Sante Fe students facing extremes
A ripple of energy was building within the crowd like that of static electricity. On this warm September evening, residents of the greater whole of Santa Fe and the surrounding area had packed themselves onto an athletic field in the northern part of the city to witness a yearly tradition. Of the thousands of people present, perhaps the ones in most awe were the 18 Castleton State College southwest pioneers.Zozobra is an annual tradition for the great city of Santa Fe in which they celebrate the passage of summer to fall with the burning of old man gloom, a forty-foot tall paper giant loaded to the brim with fireworks.
“Everyone in the city comes here to jam out to good live music and to just have a good time and celebrate” said student Rain Nissen-Reilly. “Tom Petty cover bands and fire dancers who light 40-foot paper giants on fire would be pretty entertaining to most people I would think.
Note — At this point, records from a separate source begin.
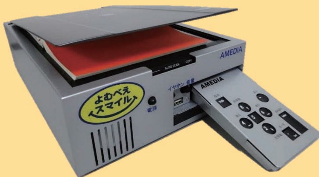
活字文書読上げ装置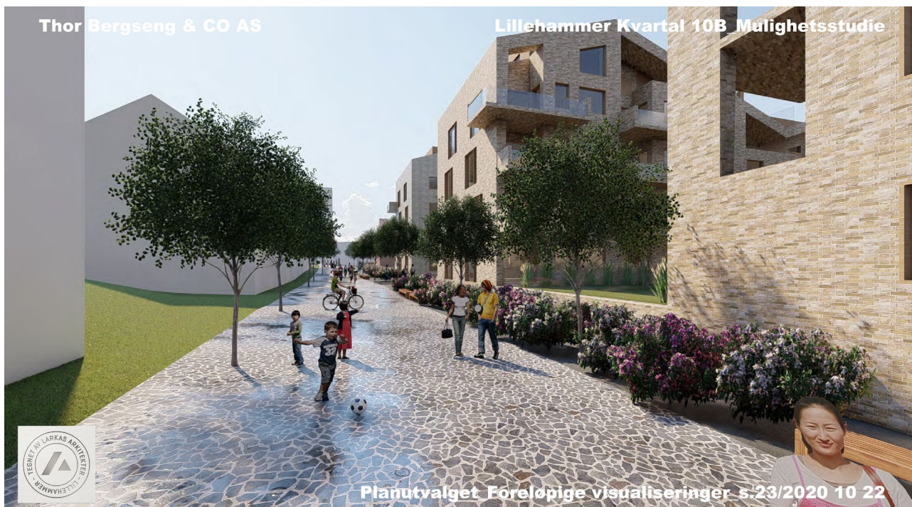
Foreløpig visualisering av miljøgate i Lars Skrefsrudsgate – sett fra Tomtegata mot sør.

Planforslaget vil søke å etablere Lars Skrefsrudsgate som miljøgate, men fortsatt tillatt for kjøring til eiendommene bak. Formålet med miljøgate er å stimulere til at Lars Skrefsruds gate blir en attraktiv forbindelse for gående og syklende nordover fra Mesnakvartalet. Planforslaget vil vurdere løsninger i Lars Skrefsruds gate som sikrer trafikkavvikling på myke trafikanters premisser.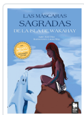
LAS MÁSCARAS SAGRADAS DE LA ISLA DE WAKAHAY DÍAZ SERRANO, JOSE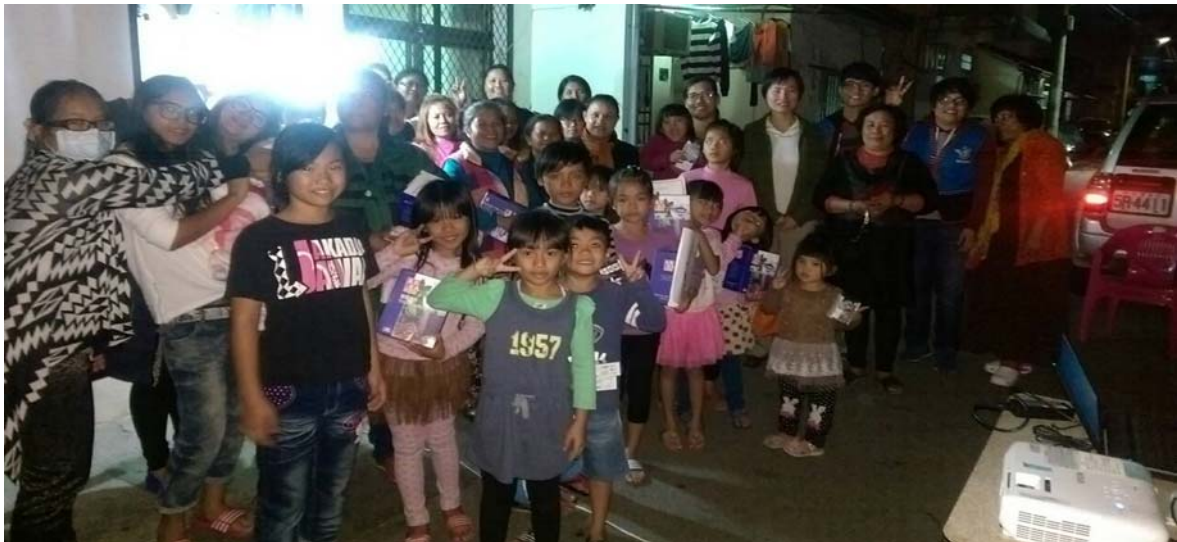
104 年消費者保護業務宣導活動照片-南屯區-排灣族聚落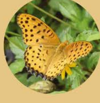
斐豹蛺蝶(雄) Indian Fritillary ♂ Argyreus hyperbius ★★★ L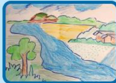
Nahiyah Al Nafi Grade 1 B (CC)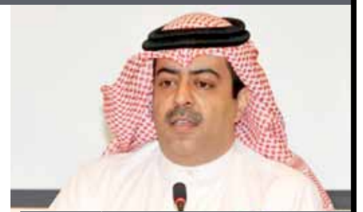
الرئيس التنفيذي لهيئة تنظيم سوق العمل أسامة العسبي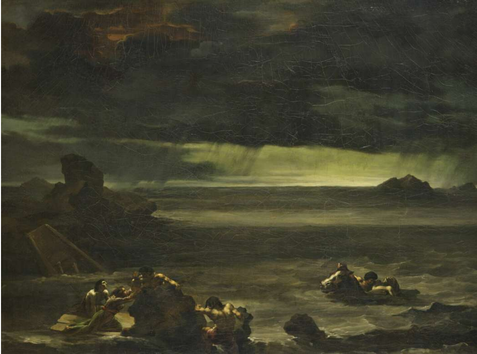
Scène du déluge 1800 / 1825 Théodore Géricault Aile Sully, Niveau 2 Salle 941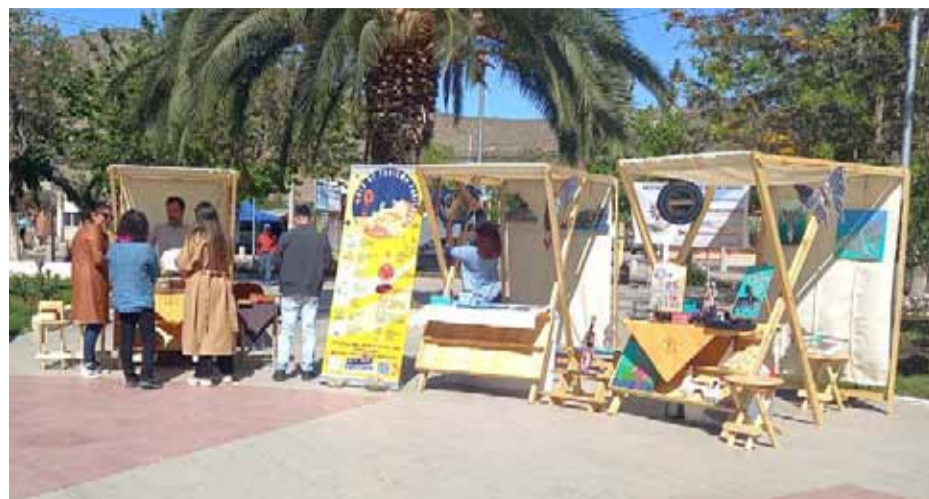
Emprendedores de la provincia darán a conocer al público todas sus creaciones.

En este contexto, durante este jueves 7 de diciembre se desarrollará el lanzamiento del calendario de verano para la Provincia del Limarí, con la instalación de stands con productores y emprendedores de Ovalle, Monte Patria, Combarbalá, Punitaqui y Río Hurtado.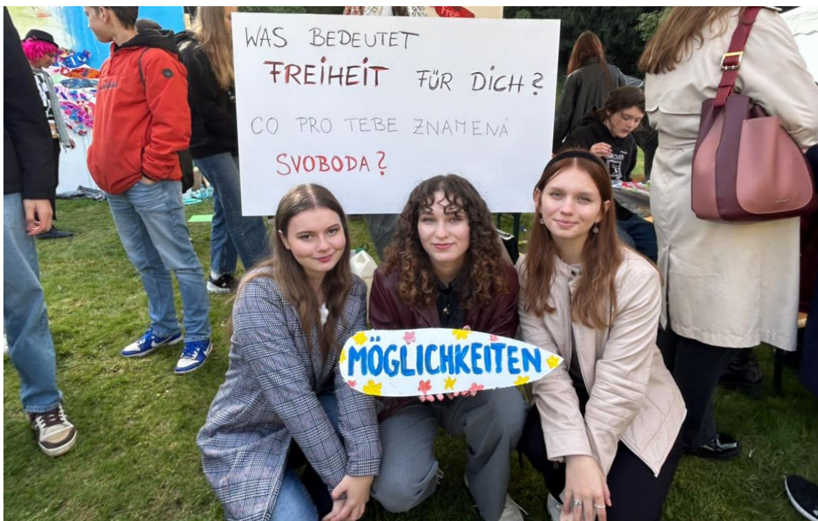
Návštěva německého velvyslanectví v Praze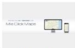
Mie Click Maps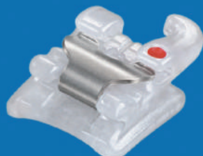
Sensation C (Autoligado)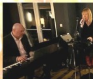
JAZZ AFTER EIGHT Brasserie Thiriez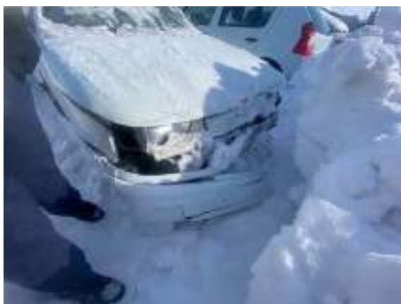
Фото №5. фото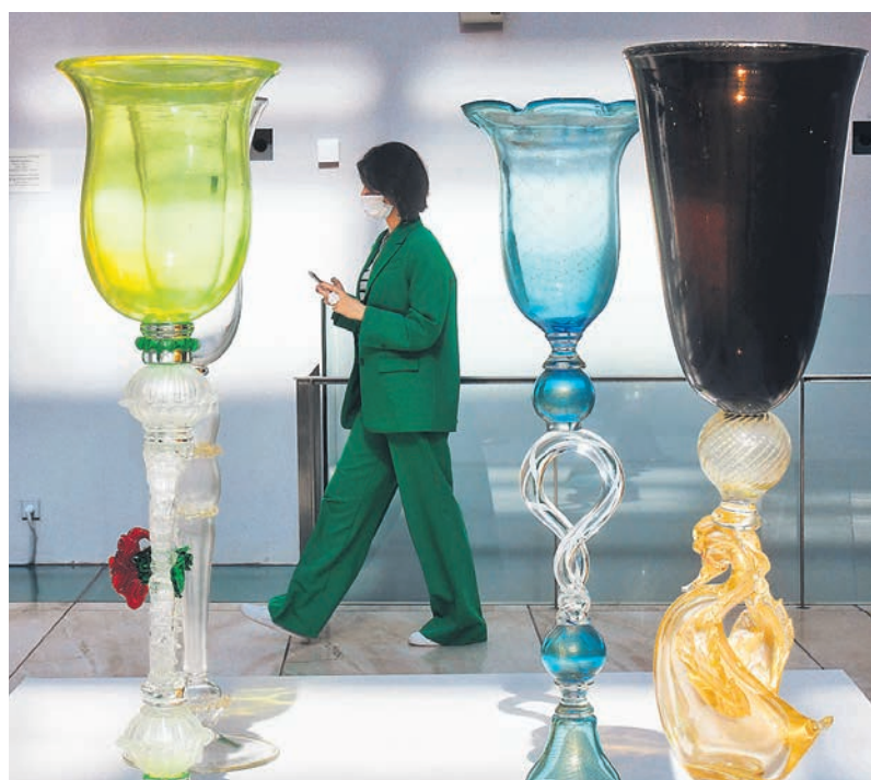
Привычные предметы по случаю выставки обрели неожиданные размеры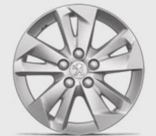
Jante aluminiu TARANAKI 16''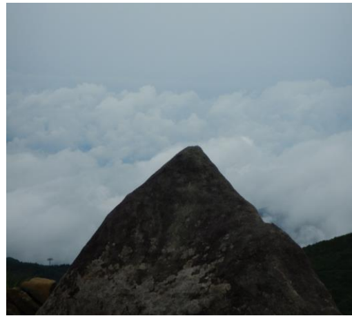
蔵王のピラミッドのような岩です。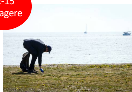
Faaborg Eat, sleep, pant, repeat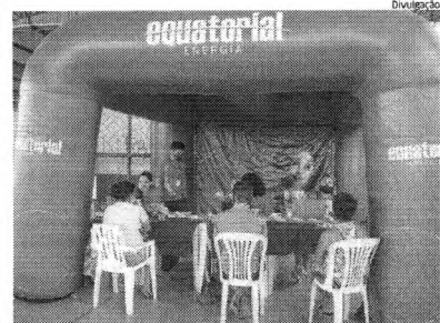
Cadastro ocorrerá até 29 deste mês, no Conjunto Malóbb

A empresa ressalta ainda que todas as recomendações de higiene e segurança serão seguidas, portanto, os clientes deverão fazer o uso de máscara.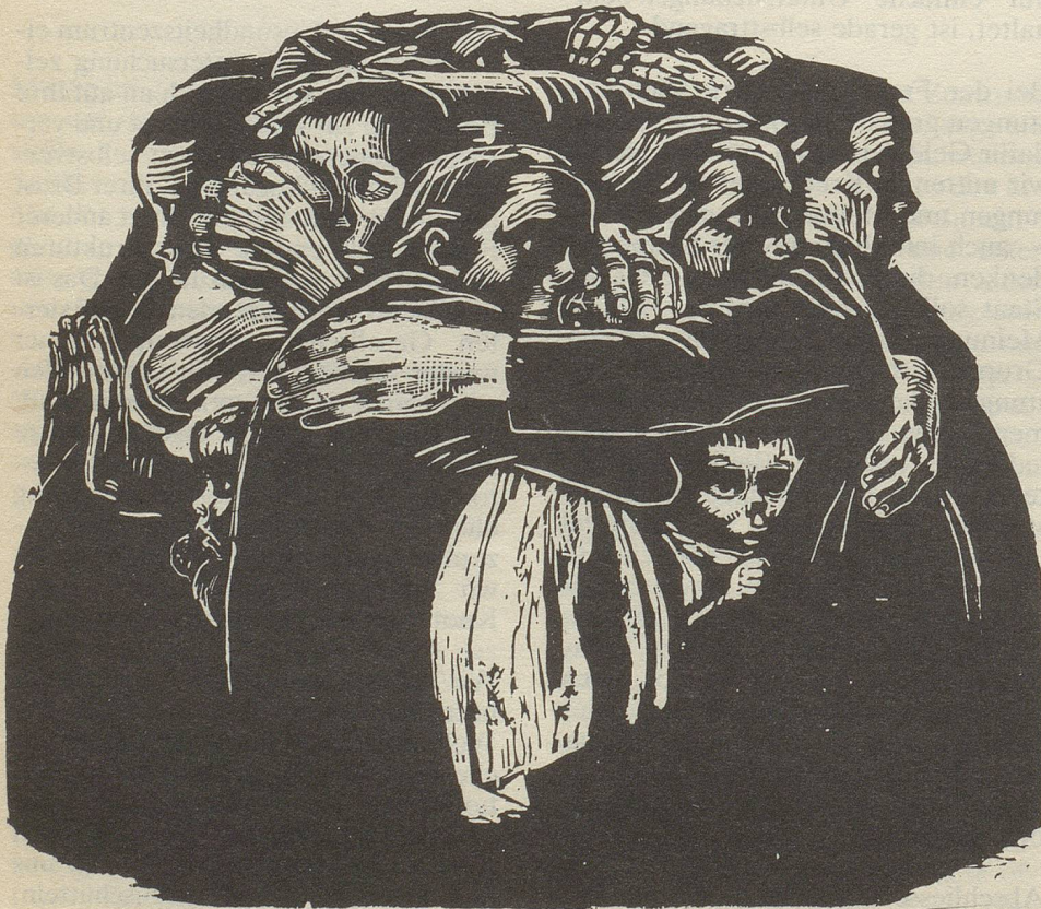
Der Turm der Mütter.

Berühmt geworden ist ihre Antwort an Richard Dehmel (der noch einmal Kriegsfreiwillige aufrufen wollte, die Ende 1918 Deutschlands Ehre retten sollten). Sie antwortete damals in einem Offenen Brief an Richard Dehmel (am 30. Oktober 1918): "...Man hat tief umgelernt in diesen vier Jah-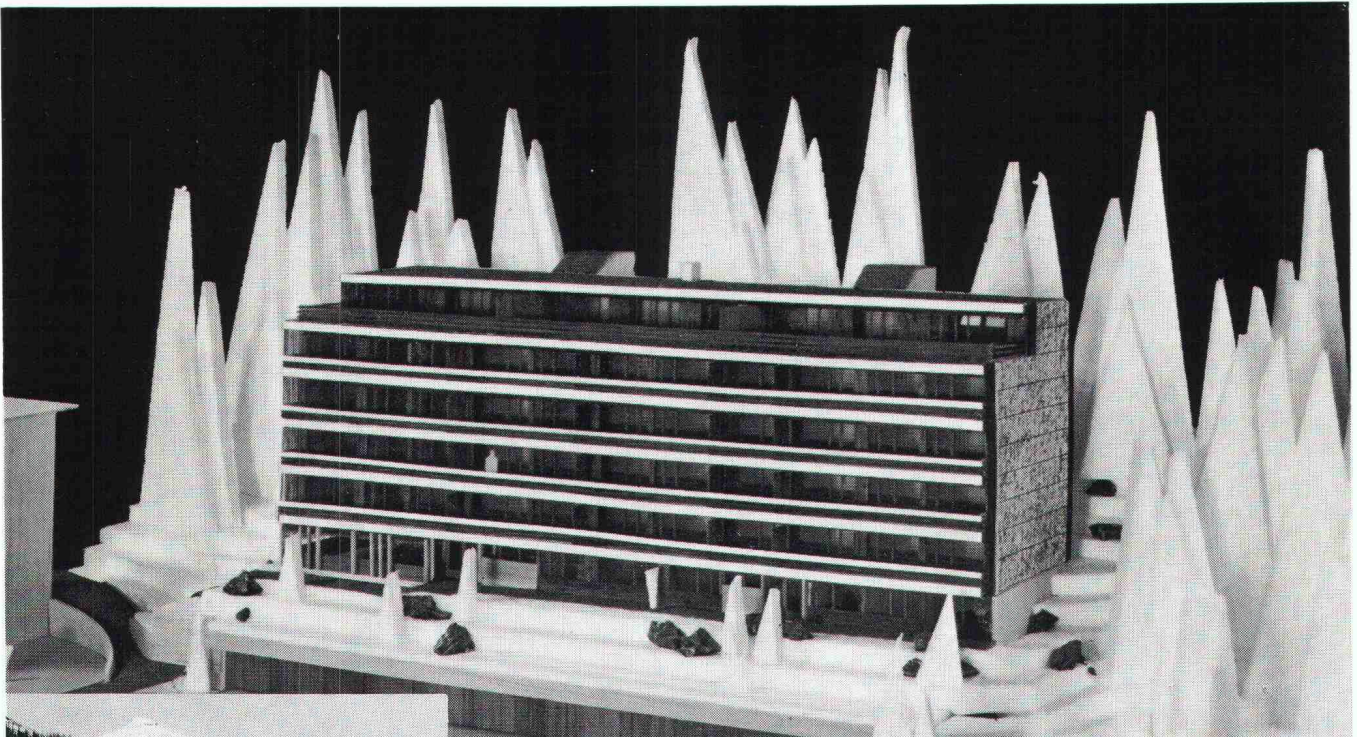
Überbauung Meiliboda 2, Elektrizitätswerk Arosa; total 30 Wohnungen; Anschlusswert ca. 380 kW

Herausgegeben von der Verlags-AG der akademischen technischen Vereine, Zürich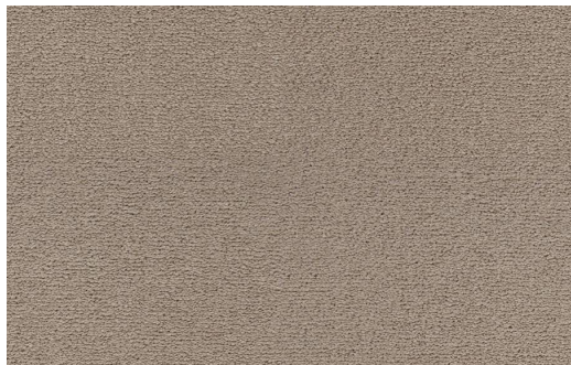
CELESTE 431 LIMO 1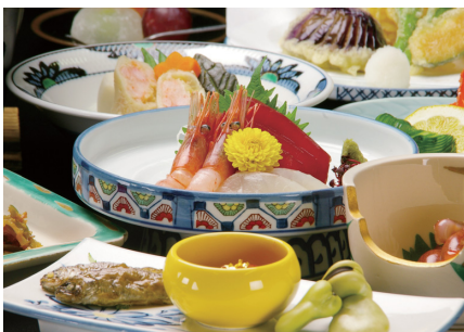
店主推薦的會席料理精選本地的時令素材。料理都需要預約。

☎0771・22・0903 IN15:00/OUT10:00 無休息日 P50輛 http://www.syoenso.com/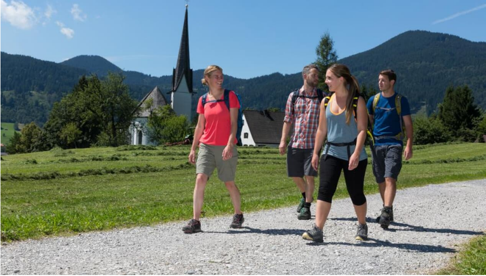
Meditationsweg Ammergauer Alpen - an der Kappl - © Thorsten Unseld, Anton Brey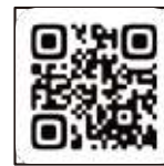
赤磐市社協 ホームページ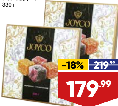
МАРМЕЛАД JOYCO, с сухофруктами, 330 г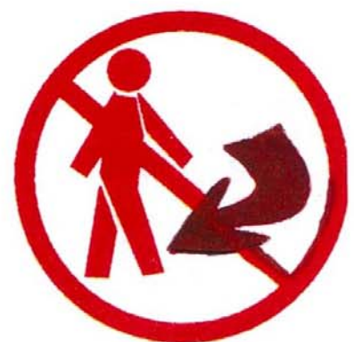
Ne pas revenir sur vos pas

Pour mieux connaître ce risque et sa prévention, consultez dès maintenant le dossier complet en mairie.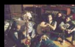
MOURA Xoves 4 de agosto | 21:00 h Praza das Bárbaras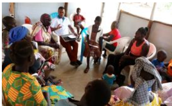
Réunion de consultation avec les femmes réfugiées handicapées dans le camp de Bididi en Ouganda

Risques, obstacles et stratégies relatifs à la VBG identifiés: Les trois projets ont permis de mener des consultations communautaires avec différents groupes d'âge et de sexe des personnes handicapées afin d'identifier les risques, les obstacles et les stratégies liés à la VBG afin de renforcer leur inclusion (actions 1.1 et 1.3).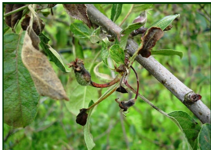
Frutos atingidos por ataque precoce de pedrado

A maioria das variedades e árvores estão agora num estado fenológico de grande sensibilidade ao fungo.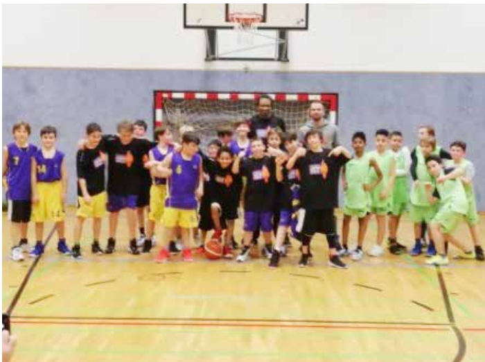
Mist! Mit 50:51 knapp verloren.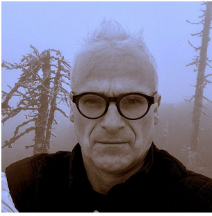
1987 WERNER FRITSCH «Cherubim» (Suhrkamp-Verlag 1987)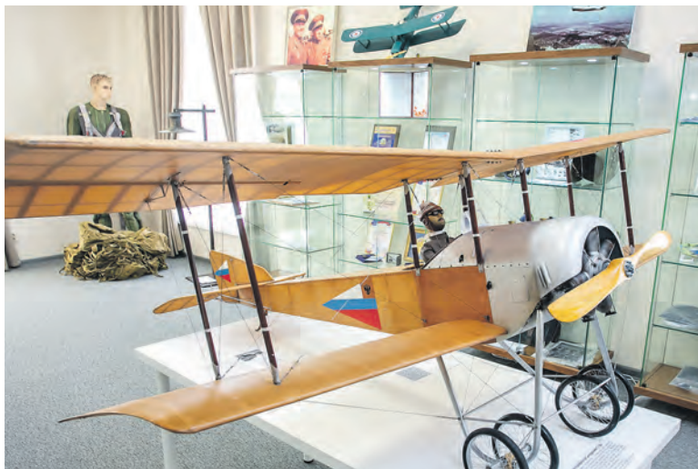
Модель первого отечественного самолѳта-истребителя С-16 Игоря Сикорского в Музее истории авиации и космонавтики.

Сам райцентр ведёт свою историю от села Камышинка, основанного в 1650 году. Развитие своё получил со строительством Московского тракта, в конце XIX века через село прошла Транссибирская магистраль, а в 1896 году появилась станция Коченёво. Одна из достопримечательностей посёлка — водонапорная башня на станции 1897 года . За рассказом о том, как происходило заселение, чем занимались первопоселенцы, какими инструментами добывали хлеб насущный, что составляло их духовную жизнь, стоит отправиться в местный краеведческий музей . Создан он был относительно недавно — в 2004 году — и собирался с той большой любовью, когда каждый экспонат имеет свою уникальную судьбу и достоин внимания. Коченёвская земля богата своими творцами — резчиками по дереву, художниками по ткани и ткачами, кружевницами и вышивальщицами, мастерами по бересте и солодке.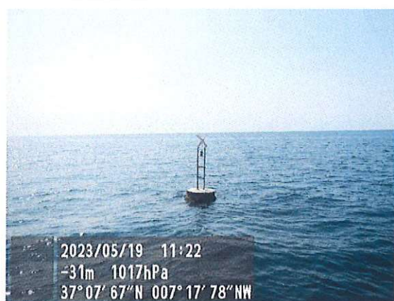
Baliza n.º 75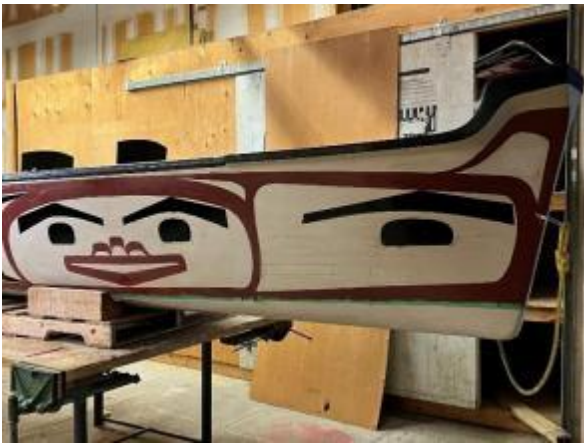
图2 仅仅是小组访问的一所高中的木工车间里正在形成的鼓舞人心的木工项目之一!

"通过故事学习"的旅程还包括学习协议和仪式。当我们访问这些领土时我们将带着礼物来承认他们的主权并表示我们的尊重。其中一些礼物将代表宾。希望其中一些礼物是我们的专业知识和技能，我们可以与Lax Kw'alaams的老师和学生分享。我们每个人都将寻求与Lax Kw'alaams建立联系和社区的方法：通过视频制作和编辑技能；通过终极/PE游戏和体育/户外教育；通过学习我们有哪些技能可以让社区利用。

It certainly was for me!”
The event also marked the beginning of Fiesta de la Santa Fe, a weekend long festival in which vendors, artists, street musicians, and food purveyors of all sorts gather within the central plaza to celebrate their heritage.
This would also be the last full week in which the Castleton semester in Santa Fe group would remain in the city before embarking on two incredible anthropological expeditions.
Chaco Canyon, the first, is located in the middle of an arid, extremely hot desert 12 miles down a stretch of bumpy dirt road off the main highway and houses some of the oldest and most perplexing Native American ruins in the Southwest.
Braving the long, blistering four days in the Canyon, students successfully learned about the culture of the site by moving from ruin to ruin and bonded further through comfortable nights in their campground.
“There were a few days where your motivation was just to get more water,” student and videographer Nathan Dunn said. “But having gone there, we got to experience something that only a handful of people get to see, and that makes me grateful to be here with this group of awesome people.”
The next trip, to Mesa Verde, offered an atmosphere quite the opposite. Located atop a vast Colorado plateau further north, the group would this time be climbing 15-foot tall ladders along precarious cliff faces to reach ruins embedded high above canyon floors.
Although the second day brought heavy rains, fog, and a late night thunderstorm that destroyed almost half of the group’ site, both students and professors alike remained stalwart against seemingly unyielding odds.
“We’ve already gotten to see and do so many things in the course of just four weeks here” says student Zachary Richards. “Why the hell would a little rain stop us from doing what we’re good at?”
In the upcoming weeks the Santa Fe students will have more challenges to come with three more outings in the works, including a potential visit to the Grand Canyon.